Sözleşmeler ve uluslararası deneyimler göstermektedir ki:
Şiddetin bataklığı ;kadın ve erkek arasındaki yasal ve fiili eşitsizlik ve ayrımcılıktır.Şiddetin önlenmesi için eşitsizliği ve şiddeti derinleştiren sosyal ve kültürel davranış kalıplarının değiştirilmesi zorunluluk olup tüm toplumun, özellikle erkeklerin ve erkek çocuklarının bütün şiddet biçimlerinin önlenmesine aktif bir şekilde katkıda bulunmaları için teşvik edilmesi ve her gerçek ve tüzel kişinin şiddetten korunması gerekir.
Kadınların bağımsız bir birey olarak güçlenmesi amacı her aşamada gözetilmeli ve bütün şiddet biçimlerinin çocuklar üzerindeki sonuçlarının önlenmesi gerektiğinin toplum içinde anlaşılması ve bu konuda farkındalığın arttırılması gerekir.
Her türlü şiddet vakalarına dair ilgili ayrıştırılmış toplumsal cinsiyet duyarlılığı çerçevesinde istatistiksel verilerin toplanması ve kamuya açıklanması ve bütünsel yaklaşımla tüm hedeflerin gerçekleşmesi için bütçeden pay ayrılması gerekir
Şiddet mağdurları ve şiddetin başta çocuklar olmak üzere tanıklarını ve yakınlarını, daha öte şiddet fiillerine karşı korunmalı,koruma; mağdurun şikâyette bulunmasına veya faile karşı tanıklık etmesine bağlı olmamalıdır.
Mağdurun insan haklarına ve güvenliğine odaklı merkezileşmiş destek ve cinsiyetlendirilmiş anlayış sağlanmalı,mağdurun bilgi edinmesi ve yasal olanaklardan etkili yararlanabilmesi için dil desteği sağlanmalıdır.
Yasal destek birimleri erişilebilir olmalı ve aynı zamanda yeterli sayıda, uygun ve kolayca ulaşılabilir sığınaklar açılmalıdır
Kültür, örf ve adet, din, gelenek veya “namus” ise şiddet eylemlerinin bir gerekçesi olarak kabul edilemez.
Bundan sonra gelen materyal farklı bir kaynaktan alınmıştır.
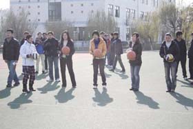 趕小豬游戲中,我們的女同胞們拍起籃球來個個英姿颯爽

Şiddeti önleme yasa tasarısında mutlaka bulunması gerekenler:
1-Kadına yönelik şiddetin bir ayrımcılık ve kadının insan hakları ihlali olduğunun kabulüne ilişkin bir açıklama yasaya eklenmelidir
2-Şiddetin ortadan kaldırılması, soruşturulması, cezalandırılması, kadının güçlendirilmesi amacı ve bu amacın gerçekleşmesi için kadınlar ve erkekler arasında somut ve fiili eşitliğin sağlanması ile mümkün olacağı cümlesi yasaya mutlaka eklenmelidir.
3-Erken ve zorla evlendirmelere ve kadınlara dijital ortamda işlenen suçlara ilişkin ek düzenleme yapılmalıdır.
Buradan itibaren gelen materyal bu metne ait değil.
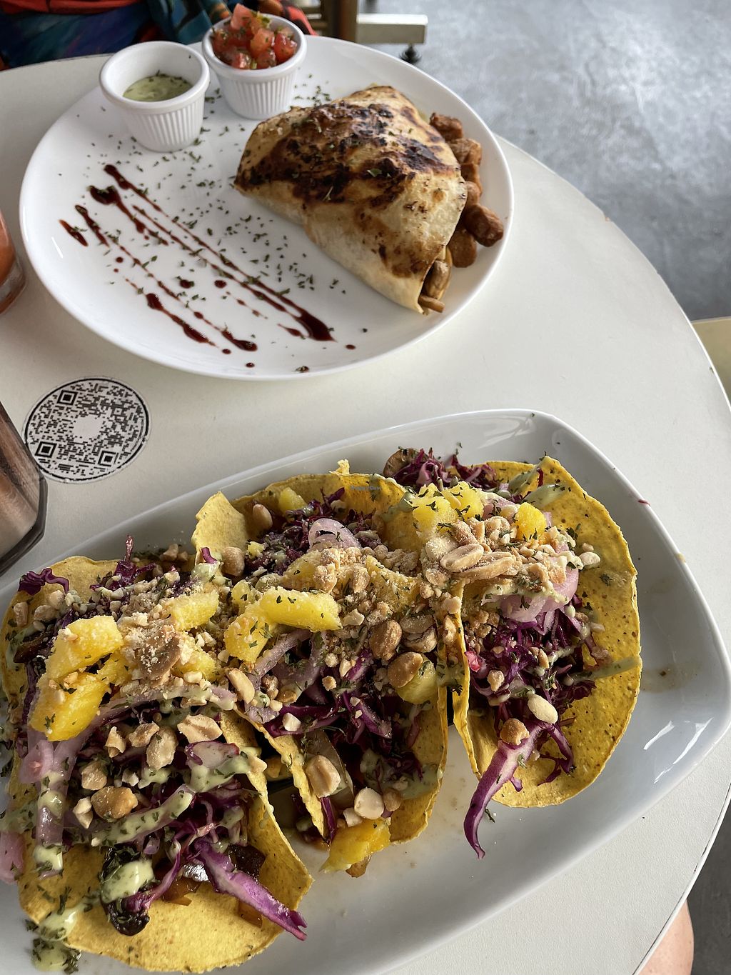 Quesedillas, empanada, iced oat milk latte

4-Şiddetten korunması gereken kişiler arasındaki ayrımcılık yasağı sözleşme ile aynı kapsamda açıklanmalı özellikle medeni durum, karşılıklı ilişki içinde olup olmama, cinsiyet kimliği, sağlık durumu gibi muhtemel ayrımcılık tehlikeleri giderilmelidir.
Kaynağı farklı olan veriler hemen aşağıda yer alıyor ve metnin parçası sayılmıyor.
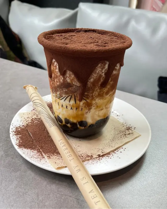 黑糖鮮奶又係大大杯,會變沾上忌廉,然後灑滿朱古力粉,形成「髒髒」嘅效果。鮮奶配上粒粒黑糖煮起嘅珍珠,撈勻之後唔會好甜,粒粒珍珠啜入口,口感好治癒,又一招牌茶飲成品!📌《茶聊》同以前相比,轉換左啲枱凳格局,變成更加有型有格,感覺更加休閒自在。樓上Cafe嚟講可以做到今時今日都真係買少見少,得閒上嚟歇一歇,喝一喝茶,聊一聊,絕對可以令人叉足一日電🔋。…查看更多

5-Sadece şiddet uygulayan veya uygulama ihtimali olan bireyler hakkında değil, şiddeti azmettiren veya yardımcı olan birey hakkında da koruma kararı verilmesi eklenmelidir.
6-Çocukların velayet hakkının koruma süresince (kendi talebi halinde) şiddet mağduru tarafından kullanılacağı, çocukların şiddet uygulayan ile kişisel ilişkisinin bu süre boyunca kaldırılacağı veya denetime tabi tutulacağı; çocukların şiddet mağduruna teslimi konularında açık bir hüküm bulunmalıdır.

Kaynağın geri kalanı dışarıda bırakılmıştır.